Sort by $ c $, descending enumerate $ c $, on $ a, b $ to build a two-dimensional plane, it is assumed that a card of $ c_i <c $, then this card is to contribute $ 1 \ le x \ le a_i, 1 \ le y \ le b_i $ rectangular assigned zero. If $ c_i \ ge c $, then the equivalent of $ 1 \ le x \ le p, 1 \ le y \ le b_i $ and $ 1 \ le x \ le a_i, 1 \ le y \ le q $ zero the two rectangular take max segment tree with the interval, the maximum value for the query.

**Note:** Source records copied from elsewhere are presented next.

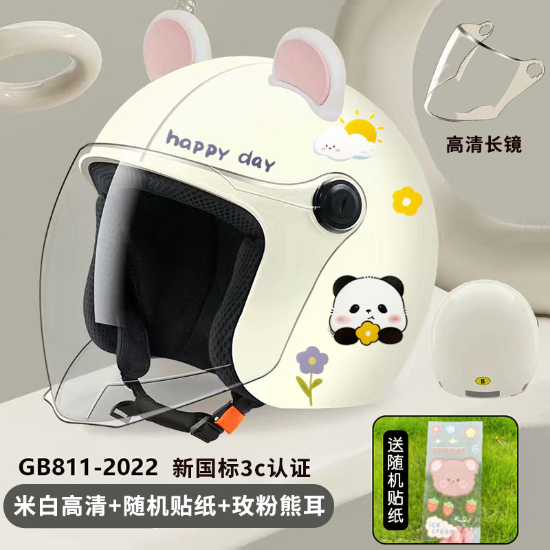 Helm mobil elektrik pria dan wanita, helm sepeda motor setengah musim dingin, helm mobil elektrik bersertifikasi 3C kelas standar nasional baru, hangat, warna solid, telinga beruang
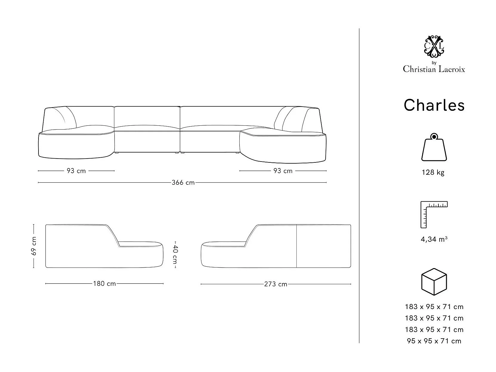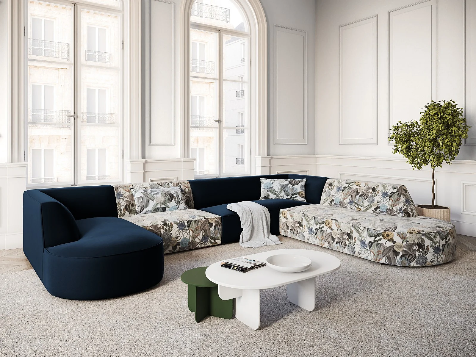 CXL by Christian Lacroix - Canapé d'angle droit panoramique "Charles" 7 places en velours motif de jardin bleu clair,bleu foncé - 366x273x69cm
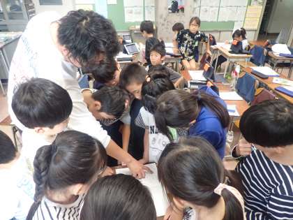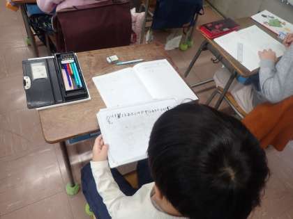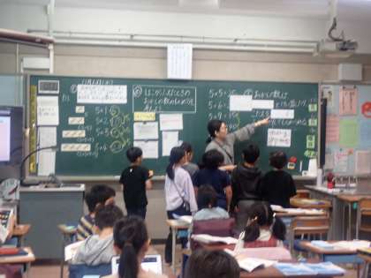 2年生の算数はかけ算の学習をしています。友達の考えを見たり聞いたりして、自分の考えを深めます。
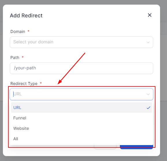 Here you can select the type of redirect such as Funnel, Website & URL.
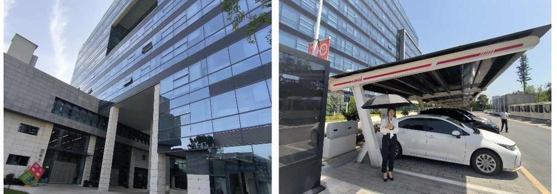 在環(huán)境優(yōu)美的園區(qū)內(nèi),看似不起眼的大樓外墻也充滿玄機。隆基園區(qū)內(nèi)各類建筑的幕墻都鋪設(shè)了太陽能發(fā)電設(shè)備,這種能夠?qū)⑻柟廪D(zhuǎn)化為電能的建筑材料可以用于建筑物的各個部位,實現(xiàn)電力的自發(fā)自用或并網(wǎng)發(fā)電。園區(qū)內(nèi)還設(shè)置了多個光儲充一體綠電車位,不僅實現(xiàn)了清潔能源生產(chǎn)、應(yīng)用與儲存的連接,更傳遞了綠色低碳的生活理念。
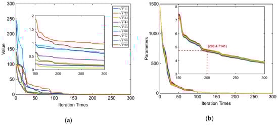Figure 3a plots the changes in the square root of the diagonal elements of the covariance matrix with noise, which clearly converges well after 200 iterative operations. Thus, the parameter at the 200th iteration can be considered the threshold to detect if the state vector has converged. To obtain sufficiently and reasonably, 80 Monte Carlo (MC) runs were performed. The variation curves of the MC runs were concurrent, as shown in Figure 3b. Further, this result agreed well with the expected results. Finally, the threshold is selected as the mean for all the 80 MC simulations.
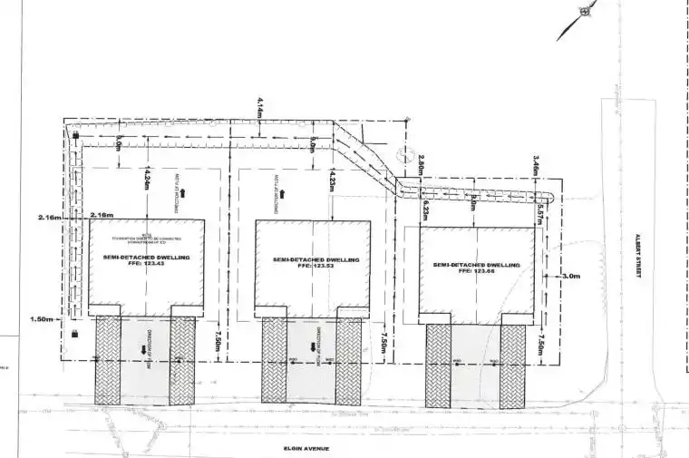 NEW DEVELOPMENT OPPORTUNITY!! Site Plan for 6 SEMI-DETACHED Bungalow Homes with each home designed to include a lower level Secondary Dwelling! A total of 12 DWELLINGS on 6 LOTS. Approx. 255′ of street frontage! Located blocks from the Hospital, River, Convenience Store, Tim Hortons, Wendy’s and the main Street! Sales includes the Architect Plans and Site Studies. Gas, Hydro, Water and Sewer at the street. Currently zoned CF and requires a zoning Bi-Law amendment to Residential. Newer Back Fence and cleared LOT! Do your due diligence, and see the opportunities. CALL TODAY!!
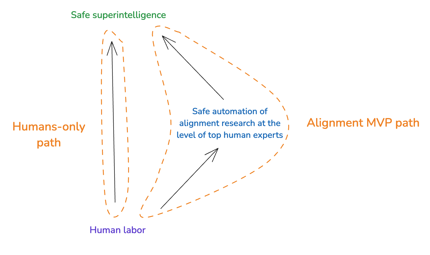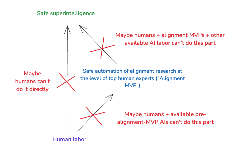 Now: you might worry that neither a humans-only path nor an alignment MVP path are viable. For example, you might think that humans (even with the help of pre-alignment-MVP AIs) aren’t smart enough to build an alignment MVP, let alone a safe superintelligence. Or, alternatively, you might think even with an alignment MVP, we couldn’t get the rest of the way.

#include <iostream> #include <sstream> #include <algorithm> #include <cstdio> #include <cmath> #include <set> #include <map> #include <queue> #include <string> #include <cstring> #include <bitset> #include <functional> #include <random> #define REP(i,a,n) for(int i=a;i<=n;++i) #define PER(i,a,n) for(int i=n;i>=a;--i) #define hr putchar(10) #define pb push_back #define lc (o<<1) #define rc (lc|1) #define mid ((l+r)>>1) #define ls lc,l,mid #define rs rc,mid+1,r #define x first #define y second #define io std::ios::sync_with_stdio(false) #define endl '\n' #define DB(a) ({REP(__i,1,n) cout<<a[__i]<<',';hr;}) using namespace std; typedef long long ll; typedef pair<int,int> pii; const int P = 1e9+7, INF = 0x3f3f3f3f; ll gcd(ll a,ll b) {return b?gcd(b,a%b):a;} ll qpow(ll a,ll n) {ll r=1%P;for (a%=P;n;a=a*a%P,n>>=1)if(n&1)r=r*a%P;return r;} ll inv(ll x){return x<=1?1:inv(P%x)*(P-P/x)%P;} inline int rd() {int x=0;char p=getchar();while(p<'0'||p>'9') P = getchar (); the while (P> = ' 0 ' && P <= ' . 9 ' ) X = X * 10 + p- ' 0 ' , P = getchar (); return X;} // head #ifdef ONLINE_JUDGE const int N = 1e6 + 50 ; #else const int N = 1E2 + 10 ; #endif int n-, P, Q, R & lt; struct _ { int A, B, C; F} [N]; // interval taken max, section summing // maintenance interval min, into assignment section, the summing section struct { int ma,mi,tag; ll sum; void upd(int x, int t) { ma=mi=tag=x, sum=(ll)t*x; } } tr[N<<2]; void pu(int o) { tr[o].ma = max(tr[lc].ma,tr[rc].ma); tr[o].mi = min(tr[lc].mi,tr[rc].mi); tr[o].sum = tr[lc].sum+tr[rc].sum; tr[o].tag = 0; } void pd(int o, int l, int r) { if (tr[o].tag) { tr[lc].upd(tr[o].tag,mid-l+1); tr[rc].upd(tr[o].tag,r-mid); tr[o].tag = 0; } } void upd(int o, int l, int r, int ql, int qr, int v) { if (ql>qr||tr[o].mi>=v) return; if (ql<=l&&r<=qr&&tr[o].ma<=v) return tr[o].upd(v,r-l+1); pd(o,l,r); if (mid>=ql) upd(ls,ql,qr,v); if (mid<qr) upd(rs,ql,qr,v); pu(o); } int main() { scanf("%d%d%d%d", &n, &p, &q, &r); REP(i,1,n) scanf("%d%d%d",&f[i].a,&f[i].b,&f[i].c); REP(i,1,n) upd(1,1,p,1,f[i].a,f[i].b); sort(f+1,f+1+n,[](_ a,_ b){return a.c>b.c;}); ll ans = 0; int now = 1; PER(i,1,r) { while (now<=n&&f[now].c>=i) { upd(1,1,p,1,f[now].a,q); upd(1,1,p,f[now].a+1,p,f[now].b); ++now; } ans += (ll)p*q-tr[1].sum; } printf("%lld\n", ans); }
5. 815E Karen and Neighborhood
Effect: $ n $-room, $ k $ individuals take turns to live, the first person to live $ 1 $ number, then everyone would live in a room farthest from someone's room, there are more words to live smallest number, ask first $ k $ personal room number.